Table 4 Average precision, Recall, \({F}_{1}\) and CAR by repeated cross-validation for Dataset 4

Dataset 5 has been scarcely investigated by the existing researches; it comprises liquefaction case histories of gravelly soil. The performance of all machine learning algorithms is evaluated. For the obtained averaged confusion matrix of the tenfold cross-validation shown in Fig. 15(a), only one case of non-liquefaction and one case of liquefaction are incorrectly classified. The mean “Area under the Curve” (AUC) is 0.93 in the ROC curve in Fig. 15(c). In the boxplot Fig. 15(b) on the accuracy of the repeated stratified tenfold cross-validation, classifiers of both Random forest and Extra tree show better performance than the rest classifiers. DDA-GP ranks the third in the median values, but with fewer outliers. More details are shown in Table 5, which shows that the precision of DDA-GP matches well with RF and ET, and the average CAR is also pretty high in repeated cross-validation.

Fig. 15
figure 15

(a) Averaged confusion matrix, (b) boxplot, and (c) receiver operating characteristic (ROC) curves using repeated cross-validation on Dataset 5

Table 5 Average precision, Recall, \({F}_{1}\) and CAR by repeated cross-validation for Dataset 5

Further, the Wilcoxon signed-rank test is supplemented to check whether the experimental results are statistically inaccurate. The test ranks the performance differences between the two classifiers for each data set by ignoring the signs, and then compares the ranking of positive and negative differences (Demšar, 2006). In this study, the significance level for Wilcoxon signed-rank test is set to 0.05. The p-values of the Wilcoxon signed rank test on the five datasets are calculated. If the p-value of the test is below the critical value of 0.05, the two models will be regarded as having significantly statistical differences.

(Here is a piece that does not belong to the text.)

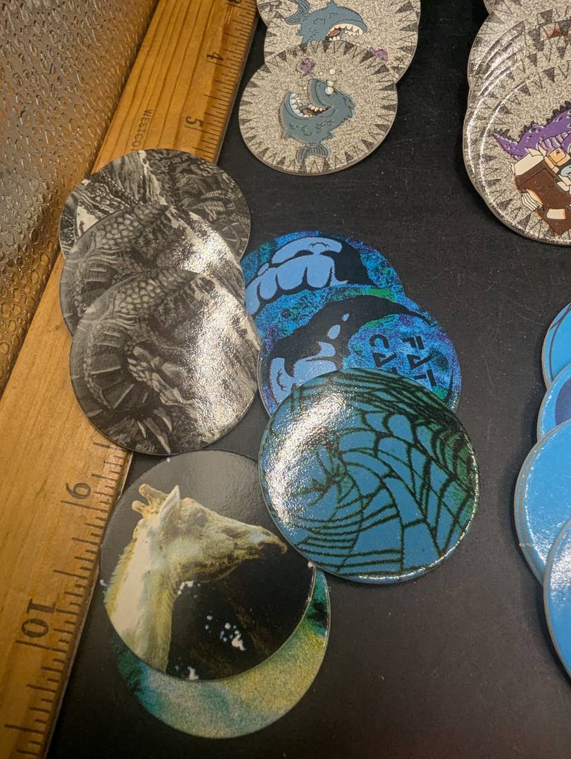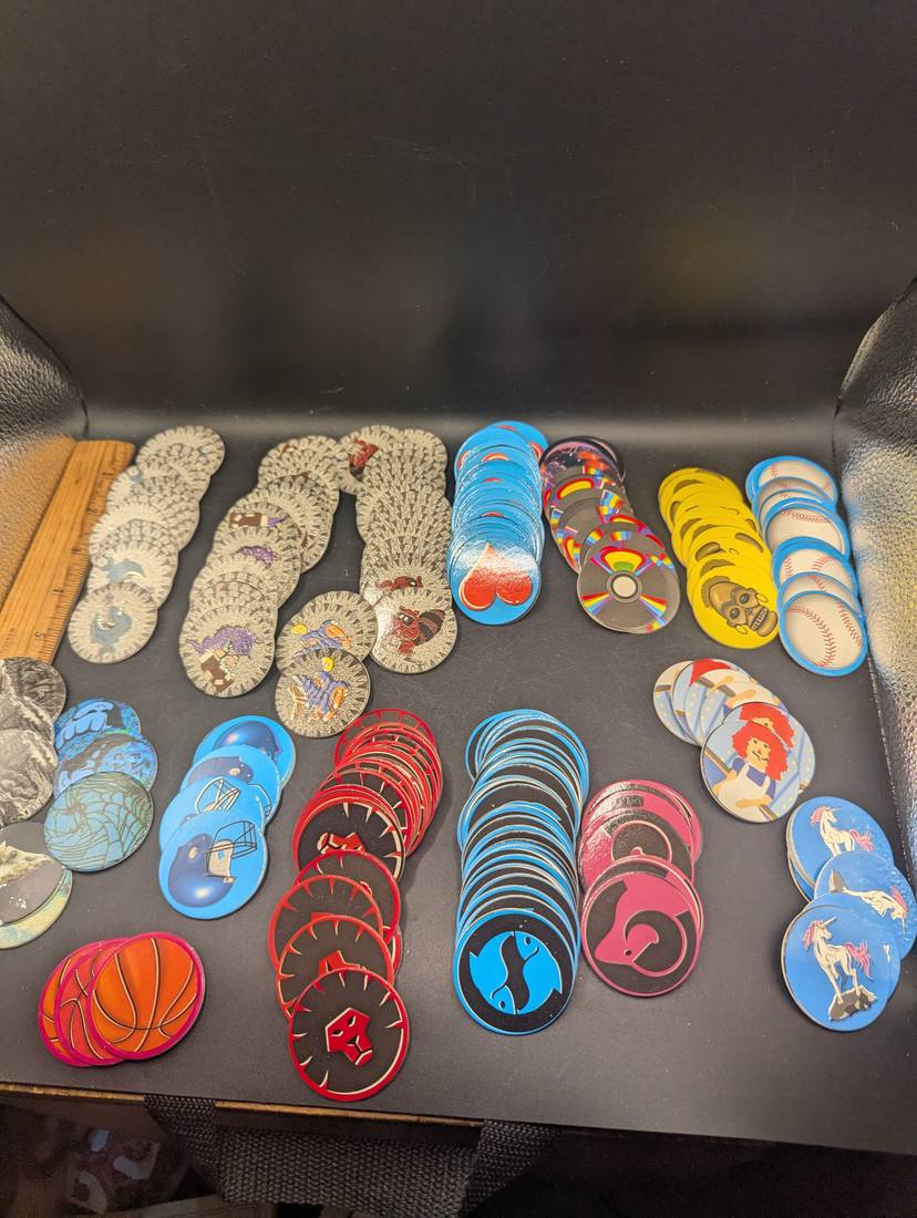 This is a fantastic Lot of 230 Vintage 90's Toy Game Pogs Milkcaps Animals, Sports, Zodiac, Etc. With Two Slammers. The prize of this lot would be the two slammers also included. Please see all pictures for condition and details.

Tables 6, 7, 8, 9, 10 show the comparison of the models based on the Wilcoxon signed rank test. In the tables, symbols “+  +”, “+”, “*”, “−” and “− −” represent a significant win, a win, a tie, a loss and a significant loss, respectively. A significant win implies that at least \(\frac{N}{2}+1.96\frac{\sqrt{N}}{2}\) wins in pairwise comparisons, where N is the total number of tests. It be concluded from the tables that DDA-GP has statistical advantages in all cases, except the SPT-based dataset and the gravelly soil dataset. Even for the SPT-based dataset, its statistical performance reaches a tie. For the gravelly soil dataset, DDA-GP still shows statistical advantages over most of the machine learning models, as indicated in the comparison. For the shear wave velocity dataset and the real-world earthquake dataset, GPBoost loses to all other classifiers. For CPT-based dataset, SPT-based dataset and real historic dataset of gravelly soil, LightGBM loses to all other classifiers.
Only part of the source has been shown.